Using transform with enrich pipeline to enrich ip with latest vulnerabilities

siginigin · December 6, 2022, 9:31am

Hi,

I want to enrich incoming event that contains local source.ip/destination.ip with vulnerability field with this logic:
match source.ip with server.ip, get highest vulnerability.severity_num from latest vulnerability.report_date.

I created index with vulnerabilies, each document contains server.ip (IP), vulnerability.report_date (date), vulnerability.severity_num (number), vulnerability.scan_date(date). I have a script that pulls out report data from vulnerability scanner, sends it to logstash to parse it and store in vulnerabilities index, on daily basis. Field vulnerability.scan_date as event date (@timestamp).

Now, I tried to enrich incoming events with logstash. It works, but it's slow - for 1k eps it has to do 2k queries to elasticsearch and events in logstash become lagging.

So I decided to move this logic to elasticsearch's enrich pipeline. Problem with this that enrich processor cannot perform aggregated query, only direct match. The cure for this to create another index with server.ip as key with latest highest vulnerability.

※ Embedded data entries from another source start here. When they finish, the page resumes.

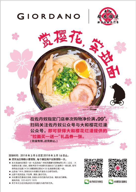 原標題:店鋪福利|佐丹奴喊你們來吃拉面啦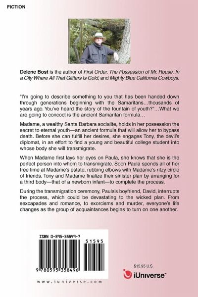'I'm going to describe something to you that has been handed down through generations beginning with the Samaritans.thousands of years ago. You've heard the story of the fountain of youth?".What we are going to concoct is the ancient Samaritan formula. Madame, a wealthy Santa Barbara socialite, holds in her possession the secret to eternal youth-an ancient formula that will allow her to bypass death. Before she can fulfill her desires, she engages Tony, the devil's diplomat, in an effort to find a young and beautiful college student into whose body she will transmigrate. When Madame first lays her eyes on Paula, she knows that she is the perfect person into whom to transmigrate. Soon Paula spends all of her free time at Madame's estate, rubbing elbows with Madame's ritzy circle of friends. Tony and Madame finalize their sinister plan by arranging for a third body-that of a newborn infant-to complete the process. During the transmigration ceremony, Paula's boyfriend, David, interrupts the process, which could be devastating to the wicked plan. From sexcapades and romance, to exorcisms and murder, everyone's life changes as the group of acquaintances begins to turn on one another.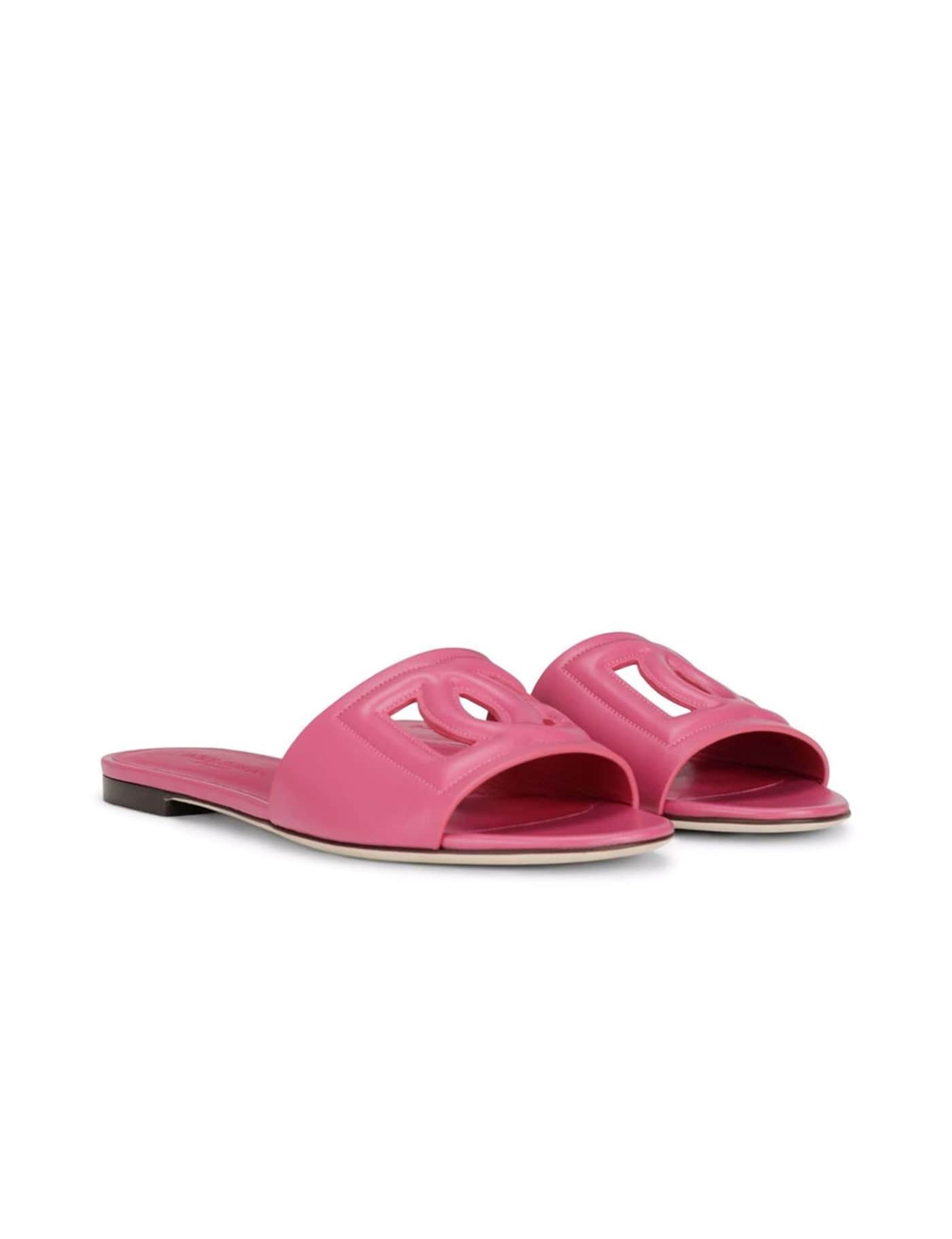 Dolce & Gabbana slides in smooth leather featuring quilted embossed DG logo with cut-out details on the upper. Leather lining and insole, leather sole with rubber inlay on the heel.

I found transforms, which could transform my vulnerabilities index to latest_vulnerabilities index, but here I'm stucked. I tried pivot transform with this logic:

group by: server.ip
aggregations: vulnerabilities.report_date, vulnerabilities.severity_num

this gives me one document per IP, latest report is correct, but highest severity is taken from all reports, not only from latest report

group by: server.ip, vulnerabilities.report_date
aggregations: vulnerabilities.severity_num

this gives me one document per report_date with correct highest severity, but there are multiple documents with same server.ip and I'm not sure which doc will be taken by enrich processor.

sub-aggregation:

{
  "source": {
    "index": "vulnerabilities",
    "query": {
      "bool": {
        "should": [
          {
            "exists": {
              "field": "vulnerability.severity_num"
            }
          }
        ],
        "minimum_should_match": 1
      }
    }
  },
  "pivot": {
    "group_by": {
      "server_ip": {
        "terms": {
          "field": "server.ip",
          "missing_bucket": true
        }
      }
    },
    "aggregations": {
      "max_report": {
        "max": {
          "field": "vulnerability.report_date"
        },
        "aggs": {
          "max_vuln": {
            "max": {
              "field": "vulnerability.severity_num"
            }
          }
        }
      }
    }
  },
  "description": "Latest vulnerability per ip",
  "dest": {
    "index": "vulnerabilities_latest"
  },
  "frequency": "5m",
  "sync": {
    "time": {
      "field": "vulnerability.scan_date",
      "delay": "60s"
    }
  },
  "retention_policy": {
    "time": {
      "field": "vulnerability.scan_date",
      "max_age": "30d"
    }
  }
}

but this does not work
"reason" : "Aggregator [max_report] of type [max] cannot accept sub-aggregations"

How can I achive my goal?

Thank you for help.

Hendrik_Muhs · December 7, 2022, 6:58am

To get the severity from the latest report have a look at top_metrics. You get the latest by specifying sort on a timestamp field with order desc.

Hope that helps.

siginigin · December 12, 2022, 9:53am

Hi Hendrik,

thank you for your answer. Unfortunately I can not use "latest" because I'm not looking for latest vulnerability of some server.ip, but highest vulnerability from latest report of some server.ip. I can't select numeric field such as severity_num when using "latest".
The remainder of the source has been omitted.